The dataset has a high variation in image acquisition like over ilumination, hair presence, lenses coupling and so on. This effects are considered by the architecture and derives in inference error controlled by Cross Entropy and IoU measures that could be more effective with small architectures in less variation acquisition scenarios.
In addition, We achieve a segmentation time of 93.88 ms and a classification time of 22.39 ms with models with precisions of U8 and FP16 for the input and output respectively. the input images are resized from 576x767 px to 160x320 px to use the loaded models and the segmentation is postprocessed to obtain the mayor and minior symetrical axis, area and Eccentricity with statistical moments. The total process time rises up to 139.02 ms, this means that we can proccess 7.19 FPS with all processing times.
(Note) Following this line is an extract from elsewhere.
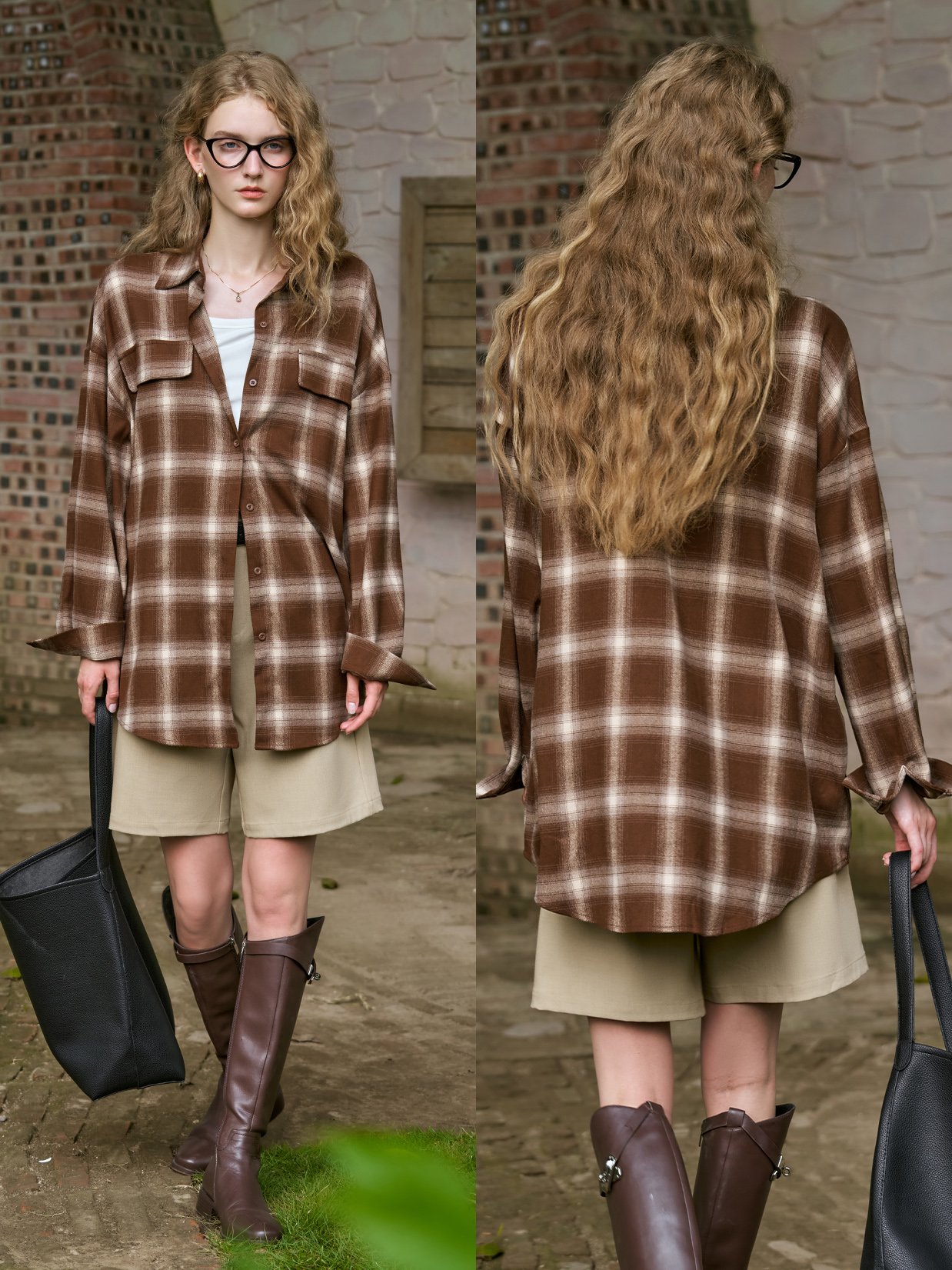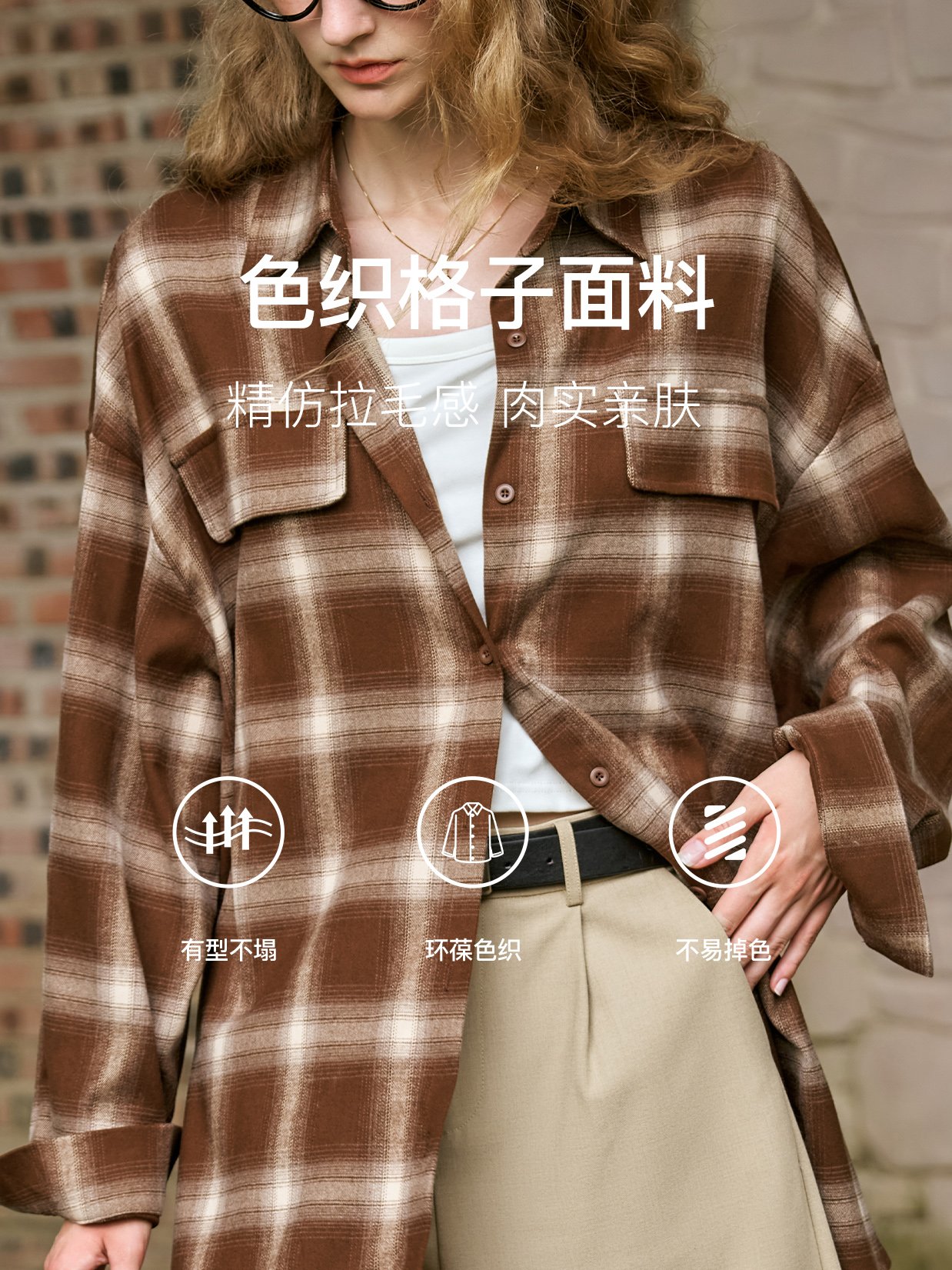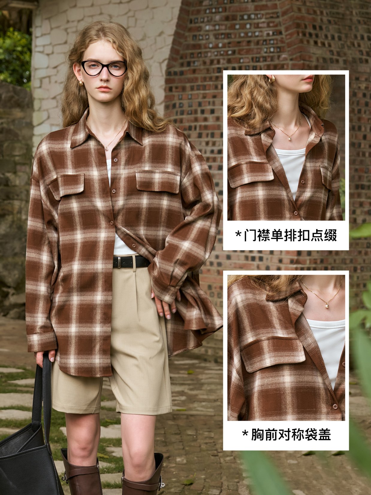 色织格子面料,精仿拉毛感,亲肤不扎;肉实感与廓形感并存,高色牢度不易掉色;复古格子自带秋冬氛围,通勤或休闲絶佳选择;经典衬衫翻领不挑人,胸前双袋盖更帅气;门襟配色单排扣点缀,简洁美观,方便穿脱;落肩设计减龄修饰肩线,显瘦不挑人穿

Fig 7. System implementation workflow
The system is an integral design because we need use specific resources for each stage. The CPU, Nvidia GPU and Tensorflow platform work together for the training process. The trained architectures need an optimization in order to get the best version of the model generated. For this, a cooperative work between Tensorflow and OpenVINO platforms should be stablished for the IR model generation. After that, the CPU, GPU and FPGA hardware platforms could have an heterogeneous approach, this means that the CPU and GPU process the image for adaptation and visualization while the CPU and FPGA made the inference about the data obtained. The data to process consists in images adquired by telemedicine perspective, consequently, only a patient or medic take and send a photo to standard use computer and obtain a preliminar diagnosis.